In a medium bowl, carefully whisk together pumpkin puree, oil, maple syrup and water.
Add the wet ingredients to the dry ingredients and use a spatula to fold all of the ingredients together. Make sure to scrape the bottom of the bowl well, finding any stray flour bits to mix in. Fold in most of the chopped pecans, cranberries and apple chunks.
Divide the dough between the two greased pans and arrange pecan halves on top of each loaf. Sprinkle loaf with cinnamon and granulated sugar if you’d like. Bake for 1 hour to 1 hour and 15 minutes, or until a skewer inserted in the center comes out clean. Remove from the oven. Let rest in the pans for 20 minutes, then invert onto a cooling rack.
Cool completely before slicing. Slice into thick pieces and serve. Maybe even wrap one loaf up in plastic wrap and store in the freezer for future munching.
Shannon M
I just made this bread this morning and I followed everything; except I replaced the (1) cup of oil with (1) cup of unsweetened applesauce. It came out beautifully moist and scrumptious. Not crumbly at all. Thanks for this wonderful recipe!
Denise
A little change up…used whole wheat pastry flour for the all purpose, brown rice flour for the whole wheat, agave for the maple syrup and applesauce for the oil (it’s what we had available!) and cooked them in muffin tins at 350 for 25 mins. Delicious!! May add more cinnamon next time :)
bunny mama
Oh, totally yum. Made this yesterday, and the whole house smelled fantastic all evening. I kept one loaf for my family, gave the other to my in-laws. Everybody raved about it – even my 3 year old! This one tipped the scale for me. I’ve gone from major baker’s crush to full on madcrazylove for you, Joy. Hope you’re okay with that.
Julia
Um, wow. I just discovered your site and was looking for a wholesome easy bread recipe, and I came across this one. I just finished backing, it’s SO GOOD! And looks so pretty fresh out of the oven. I subbed honey for the syrup and cashews/almonds for the pecans. I also used Truvia in place of the sugar since I’m REALLY trying to lessen my intake. Can’t wait to share this at work today!
lauren
‘i must make this cake, i must make this cake!’
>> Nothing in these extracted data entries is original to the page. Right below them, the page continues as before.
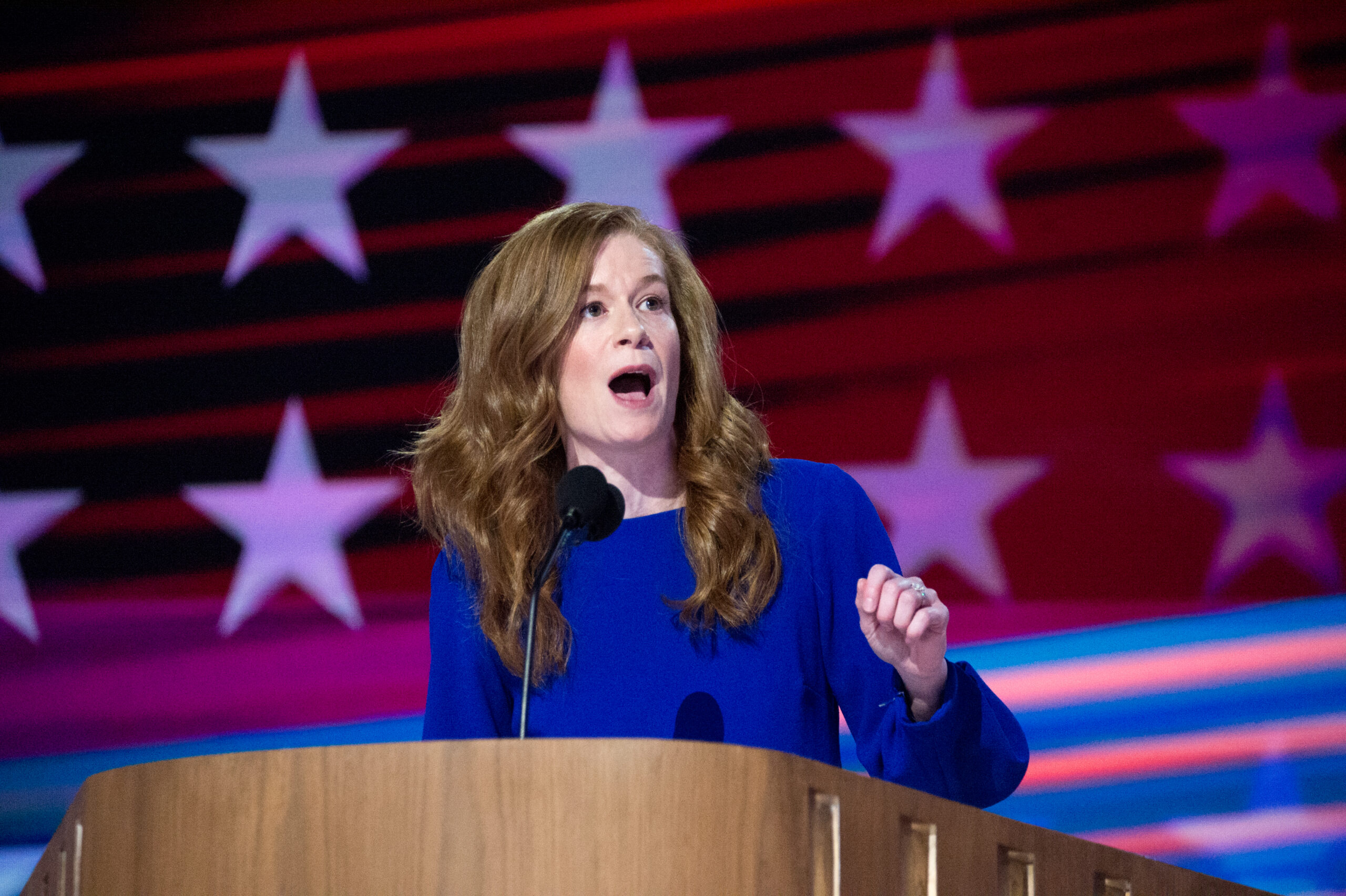 State Sen. Mallory McMorrow, a Democrat from Michigan speaks during the 2024 Democratic National Convention in Chicago, Illinois, United States on August 19, 2024.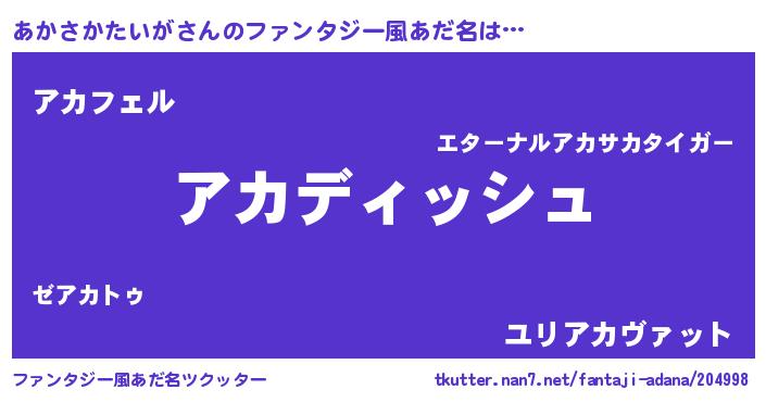 | ヘコむあだ名 | 『あかさかたいが(笑)』『あかにー』 |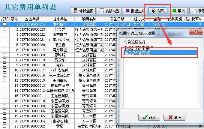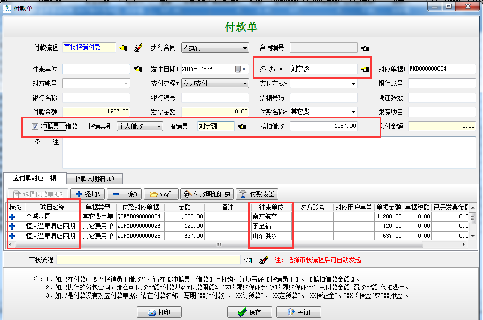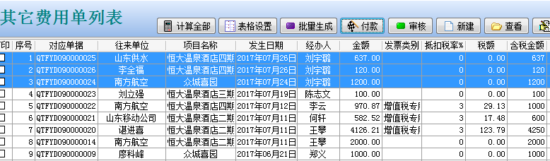 在工程項(xiàng)目管理軟件中如果某個員工在多個項(xiàng)目任職,又有多個往來單位都產(chǎn)生業(yè)務(wù)往來,都要進(jìn)行報(bào)銷付款(沒有對應(yīng)合同的前提下),按住ctrl鍵選擇待付款的單據(jù)(需單據(jù)的經(jīng)辦人是相同的)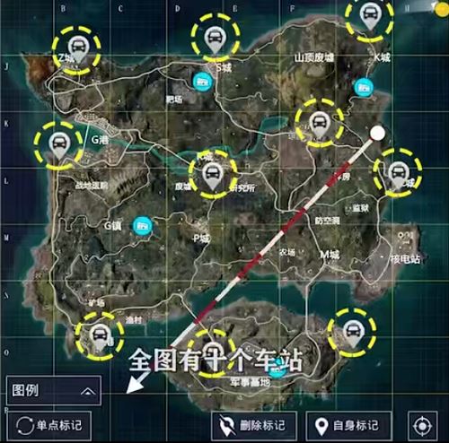 1、如上图所示,矩阵租车点分别位于z城、s城、K城、G港、p城、军事基地等大城市中,大家按照小编给出的图示即可轻松找到。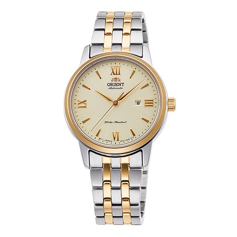 This is Orient contemporary mechanical watch with date for Ladies. Powered by an in-house manufactured automatic Calibre 55744, this new timepiece expertly balances a precision mechanical movement with modern design and fashion-forward colour combinations. An attractive see-through case back enhances the refined aesthetic design. The simple and clean design equipped with sapphire crystal provide a perfect accent for any occasion.
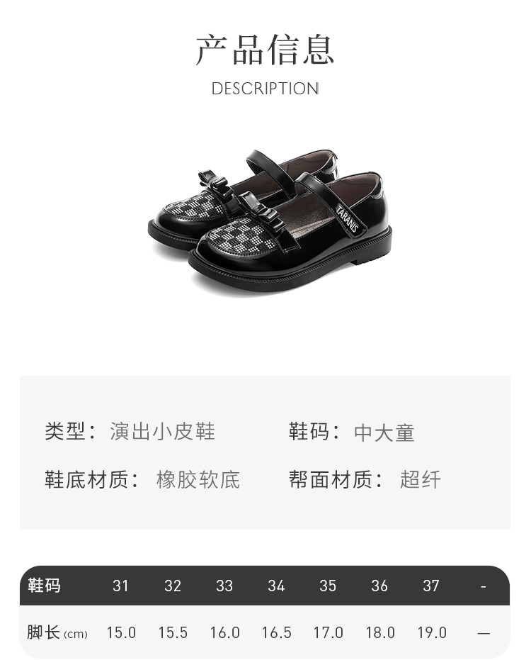 商品名称:秋季款儿童皮鞋时尚棋盘格软底演出演出鞋中大童单鞋女童公主鞋 424599

that’s what my eyes are telling me… yep my eyes. (or.. brain ? idk) all i DO know is, i need to make this cake-bread-delicious explosion asap! thanks always for your delicious and scrumptious recipes! my mouth is officially watering now. great. ~lauren :)
Adriana A.
Did half the recipe and it was too good!
Becca
Scrum-dittly-uptous! The only word to describe this deliciously delicious bread. Instead of making 1 big loaf I made mini loaves! I’m obsessed with mini loaves! They are the most adorable bundles of yumminess. Thanks for the recipe Joy – massive fan of your blog!
Melissa
My sister and I are in the middle of making this loaf. We put most of the batter in a big bread pan and made some tiny muffins with the extra batter. OMG they are so good! There is just the perfect amount of spice. Not crumbly. Can’t wait to try the loaf! Joy, everything we make of yours is delicious!!